Convention on the International Protection of Adults and Mental Capacity

Ministry of Justice written question – answered am ar 3 Mai 2024.

Danfonwch hysbysiad imi am ddadleuon fel hyn

Photo of Lloyd Russell-Moyle Lloyd Russell-Moyle Labour/Co-operative, Brighton, Kemptown

To ask the Secretary of State for Justice, whether his Department is taking steps to support people who have lasting power of attorney for an individual who has been assessed as lacking mental capacity with accessing funds held outside the UK; and if he will take steps to ratify the Hague Convention of 13 January 2000 on the International Protection of Adults.

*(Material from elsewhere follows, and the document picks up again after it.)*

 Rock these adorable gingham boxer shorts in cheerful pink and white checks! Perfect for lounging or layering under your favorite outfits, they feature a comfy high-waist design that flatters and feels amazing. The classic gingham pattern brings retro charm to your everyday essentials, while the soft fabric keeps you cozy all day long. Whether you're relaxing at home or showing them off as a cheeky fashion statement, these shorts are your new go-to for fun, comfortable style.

Photo of Mike Freer Mike Freer Assistant Whip, The Parliamentary Under-Secretary of State for Justice

There are existing ways in which a Property and Financial Affairs Lasting Power of Attorney (LPA) made in England and Wales under the Mental Capacity Act 2005 can be accepted abroad for the purpose of accessing funds. A certified copy of the LPA, signed off by a notary public with an apostille (a special sealed certificate) attached by the Foreign and Commonwealth Office provides one method. Alternatively, a translation of the LPA can be formally recognised by the appropriate court of the country in which funds are held.

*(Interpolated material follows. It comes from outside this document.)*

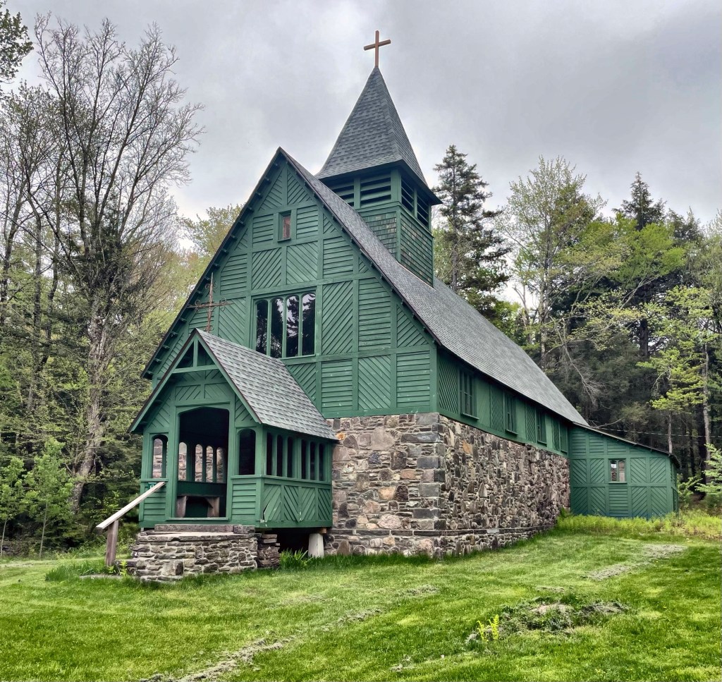The Memorial Church of All Angels is located in the center of the summer colony of Twilight Park, found in the town of Hunter in the Catskill Mountains. The founding of the church began shortly after the colony was established in 1888, when two years later, the Rev. H. M. Baum from Evanston, Pa., an early visitor to the Park, realized the need for an Episcopal Church, and funds were raised to build a small chapel, known as the St. Paul’s Church. The church was foreclosed upon in a matter of years. In 1895, church services were again reinvigorated when the Rev. Henry Yates Satterlee, the first bishop of Washington, then the Rector of Calvary Church, New York, had taken the cottage of his cousin, the artist Walter Satterlee, for his summer home. He set out to establish a summer chapel for Episcopalians in Twilight Park, and he hired architect Alexander Mackintosh, to furnish plans for the church. The church opened in 1896, and it would be expanded in 1909 with an addition and porch and again in 1915 with the belltower. The church opens every summer for services and is one of the finest Episcopal chapels in the Northeast.

Although the UK has ratified the 2000 Hague Convention on the International Protection of Adults in respect of Scotland, we have not yet done so in relation to England and Wales or Northern Ireland. However, in respect of England and Wales, the majority of its provisions are contained in Schedule 3 of the Mental Capacity Act (MCA) 2005. Schedule 3 provides a framework for recognition and enforcement of ‘protective measures’ such as LPAs in the place of an individual’s habitual residence.

We recognise the importance of ratifying the 2000 Hague Convention, as this will bring about international co‐operation to deal with the affairs of individuals across member states. We will progress this work when legislative time allows.